» **SUPPLIED ENTRIES**:
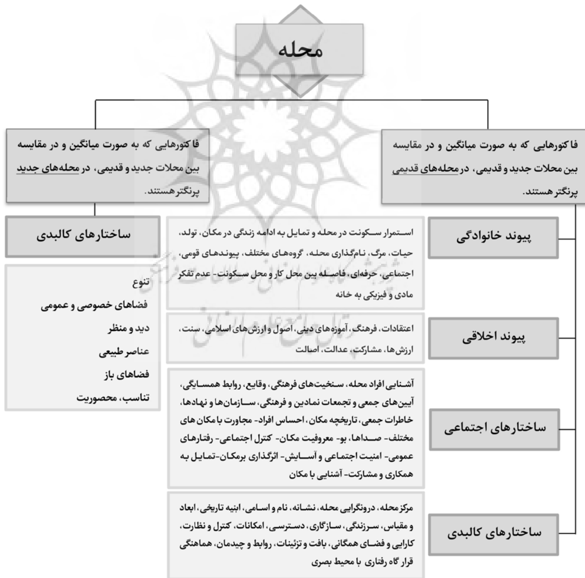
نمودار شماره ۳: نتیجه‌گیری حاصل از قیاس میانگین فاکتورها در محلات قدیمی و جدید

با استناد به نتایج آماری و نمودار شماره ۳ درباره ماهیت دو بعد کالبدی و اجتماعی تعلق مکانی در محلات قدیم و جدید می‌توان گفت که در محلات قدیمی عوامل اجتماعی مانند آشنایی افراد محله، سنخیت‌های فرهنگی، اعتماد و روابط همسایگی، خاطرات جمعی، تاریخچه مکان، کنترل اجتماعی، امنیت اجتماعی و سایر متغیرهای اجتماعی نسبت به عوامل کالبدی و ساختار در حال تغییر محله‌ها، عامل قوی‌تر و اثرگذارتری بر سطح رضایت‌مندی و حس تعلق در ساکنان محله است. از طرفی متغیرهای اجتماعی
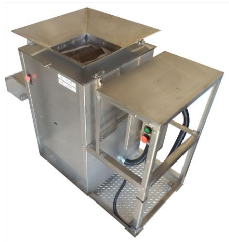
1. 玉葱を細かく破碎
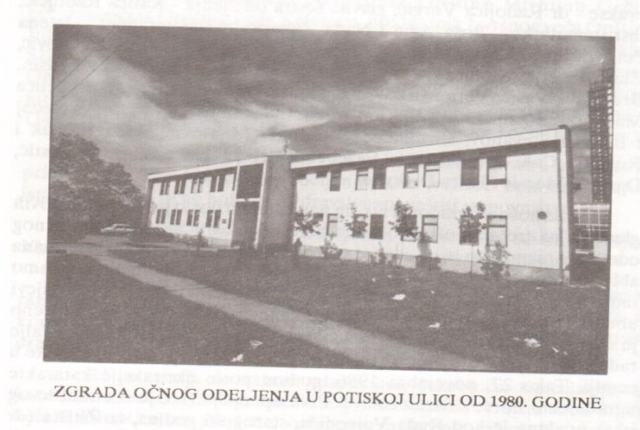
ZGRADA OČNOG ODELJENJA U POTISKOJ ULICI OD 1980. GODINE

* * *

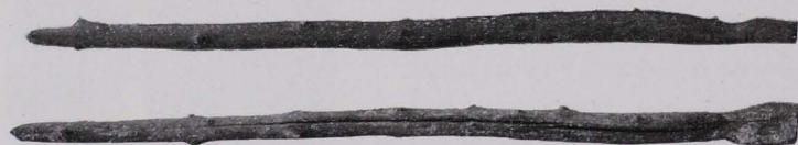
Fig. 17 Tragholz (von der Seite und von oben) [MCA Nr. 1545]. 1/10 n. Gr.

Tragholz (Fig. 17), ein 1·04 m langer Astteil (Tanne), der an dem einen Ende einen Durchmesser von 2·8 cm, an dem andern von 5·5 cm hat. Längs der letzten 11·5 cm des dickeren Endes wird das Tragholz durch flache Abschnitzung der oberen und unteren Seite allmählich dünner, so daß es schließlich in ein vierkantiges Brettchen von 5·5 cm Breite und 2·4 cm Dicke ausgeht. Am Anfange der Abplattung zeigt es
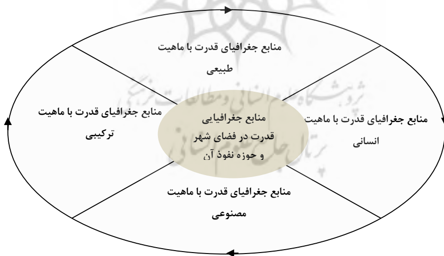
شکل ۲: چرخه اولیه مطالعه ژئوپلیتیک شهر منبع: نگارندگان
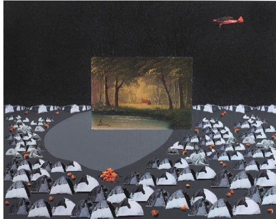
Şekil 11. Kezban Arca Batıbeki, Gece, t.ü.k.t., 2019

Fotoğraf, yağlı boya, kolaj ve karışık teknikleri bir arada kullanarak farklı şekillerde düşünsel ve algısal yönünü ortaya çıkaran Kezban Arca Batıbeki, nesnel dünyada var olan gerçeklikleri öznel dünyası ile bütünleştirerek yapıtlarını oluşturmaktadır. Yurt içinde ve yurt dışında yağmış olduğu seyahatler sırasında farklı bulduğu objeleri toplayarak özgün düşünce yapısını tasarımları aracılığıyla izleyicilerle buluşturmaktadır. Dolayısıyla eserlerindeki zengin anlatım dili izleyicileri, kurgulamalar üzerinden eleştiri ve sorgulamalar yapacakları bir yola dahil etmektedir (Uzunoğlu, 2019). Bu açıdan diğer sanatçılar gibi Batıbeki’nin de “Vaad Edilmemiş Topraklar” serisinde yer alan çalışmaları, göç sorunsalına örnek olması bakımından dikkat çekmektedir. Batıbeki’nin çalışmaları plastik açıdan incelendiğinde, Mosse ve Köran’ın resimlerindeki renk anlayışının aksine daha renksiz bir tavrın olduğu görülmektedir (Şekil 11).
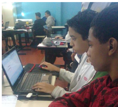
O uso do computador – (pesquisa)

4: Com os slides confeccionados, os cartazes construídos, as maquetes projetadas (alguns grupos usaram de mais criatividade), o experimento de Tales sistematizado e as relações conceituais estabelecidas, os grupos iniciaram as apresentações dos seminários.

» **PROBLEM STATEMENT**:
Only one stretch of the entries above is wanted: the lines from the one containing "O uso do computador – (pesquisa)" through the one containing "4: Com os slides". Please reproduce it exactly.

» **OUTPUT OF THE EXERCISE**:
O uso do computador – (pesquisa)

4: Com os slides confeccionados, os cartazes construídos, as maquetes projetadas (alguns grupos usaram de mais criatividade), o experimento de Tales sistematizado e as relações conceituais estabelecidas, os grupos iniciaram as apresentações dos seminários.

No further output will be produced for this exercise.